Sunday 5 October 2014

Fiction adaption: Introduction

Another unit we are doing this term is Fiction Adaption.
In this unit we have to produce a short film that is adapted from one of the WW1 poems, from the 6 that have been selected by our tutor.

"You are not allowed to change any of the words, however it can take any form and style you want and use any effects. Music, time-lapse, acting, drama, horror, news report, dance, comedy, thriller, colours, action, stills, etc. The idea is to be as creative, as original and as experimental as possible."

Out of the 6 poems, I chose 'The Death Bed' by Siegfried Sassoon (1916)

He drowsed and was aware of silence heaped
Round him, unshaken as the steadfast walls;
Aqueous like floating rays of amber light,
Soaring and quivering in the wings of sleep.
Silence and safety; and his mortal shore
Lipped by the inward, moonless waves of death.
Someone was holding water to his mouth.
He swallowed, un resisting; moaning and dropped
Through crimson gloom to darkness; and forgot
The opiate throb and ache that was his wound.
Water-calm, sliding green above the weir.
Water-a-sky-lit alley for his boat,
Bird-voiced, and bordered with reflected flowers
And shaken hues of summer; drifting down,
He dipped contented oars, and sighed, and slept.
Night, with a gust if wind, was in the ward,
Blowing the curtain to a glimmering curve.
Night.

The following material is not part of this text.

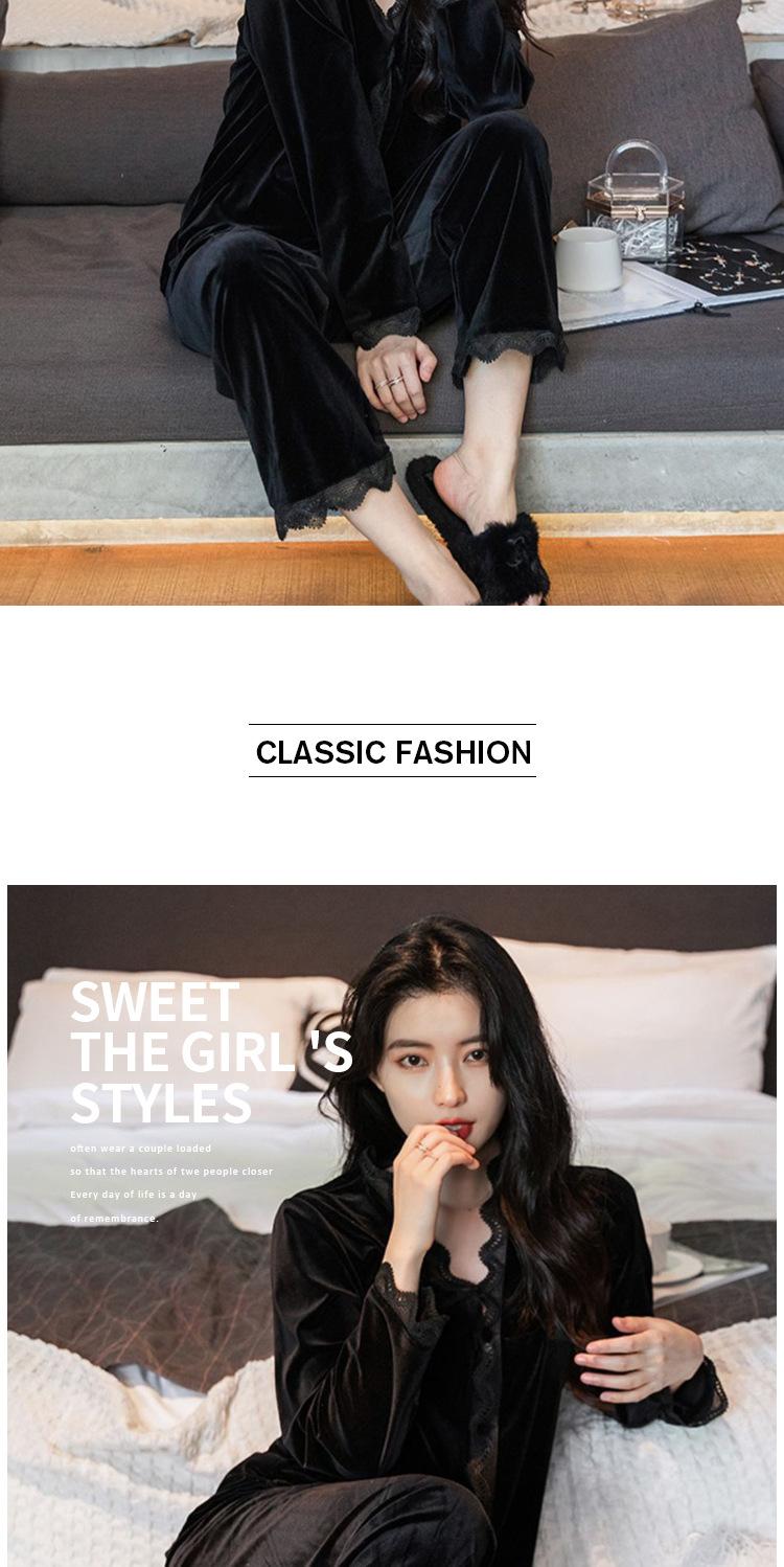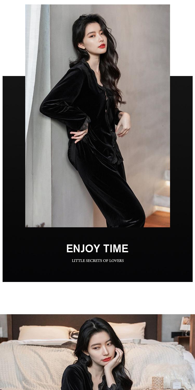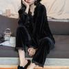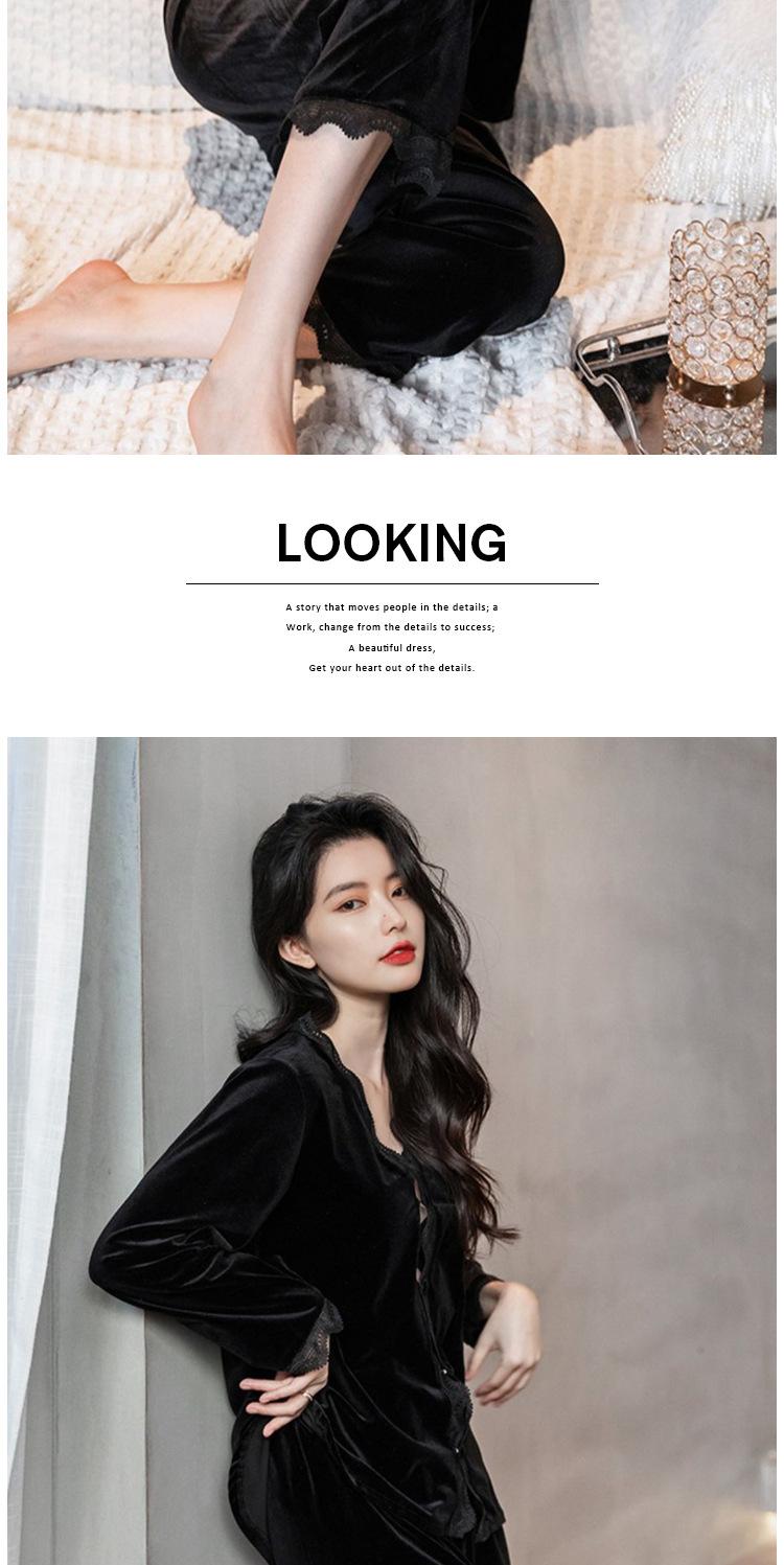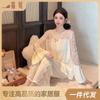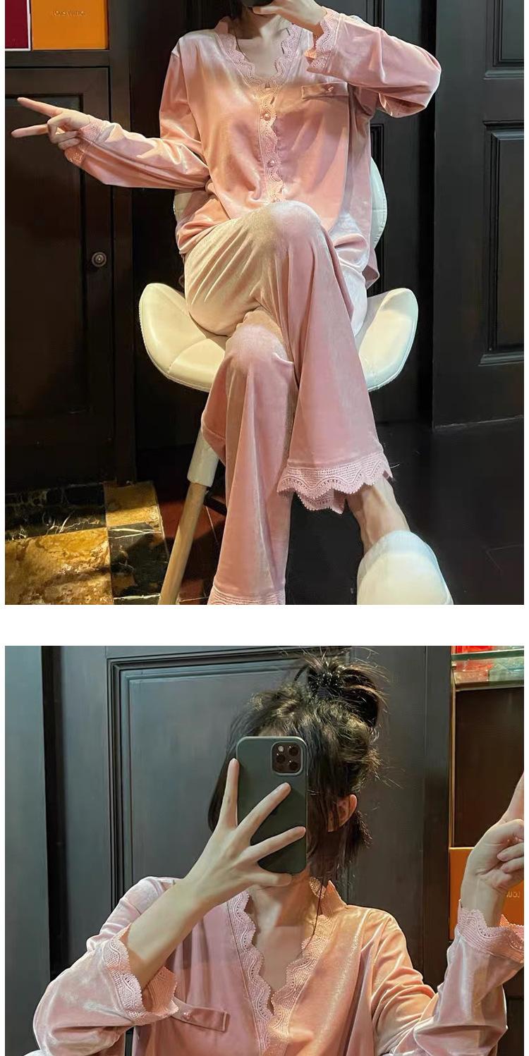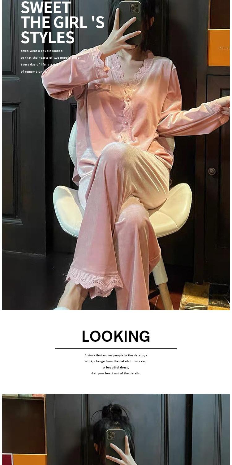 Otoño e invierno nuevo rojo en línea traje de pijama de terciopelo dorado para mujer moda de alta gama temperamento encaje cárdigan ropa de casa al por mayor

He was blind; he could not see the stars
Glinting among the wraiths of wandering cloud;
Queer blots of colour, purple, scarlet, green,
Flickered and faded in his drowning eyes.
Rain-he could hear it rustling through the dark;
Fragrance and passionless music woven as one;
Warm rain on drooping roses; pattering showers
That soak the woods; not the harsh rain that sweeps
Behind the thunder, but trickling peace,
Gently and slowly washing life away.
He stirred, shifting his body; then the pain
Leapt like a prowling beast, and gripped and tore
His groping dreams with grinding claws and fangs.
But someone was beside him; soon he lay
Shuddering because that evil thing had passed.
And death, who'd stepped toward him, paused and stared.
Light many lamps and gather round his bed.
Lend him your eyes, warm blood, and will to live.
Speak to him; rouse him; you may save him yet.
He's young; he hated
War; how should he die
When cruel old campaigners win safe through?
But death replied: 'I choose him.' So he went,
And there was silence in the summer night;
Silence and safety; and the veils of sleep.
Then, far away, the thudding of guns.

After reading this poem I really wanted to create a short story through stop motion or animation.
I have always been interested in stop motion and animation, and found this was the right time to challenge myself, by using one of these techniques.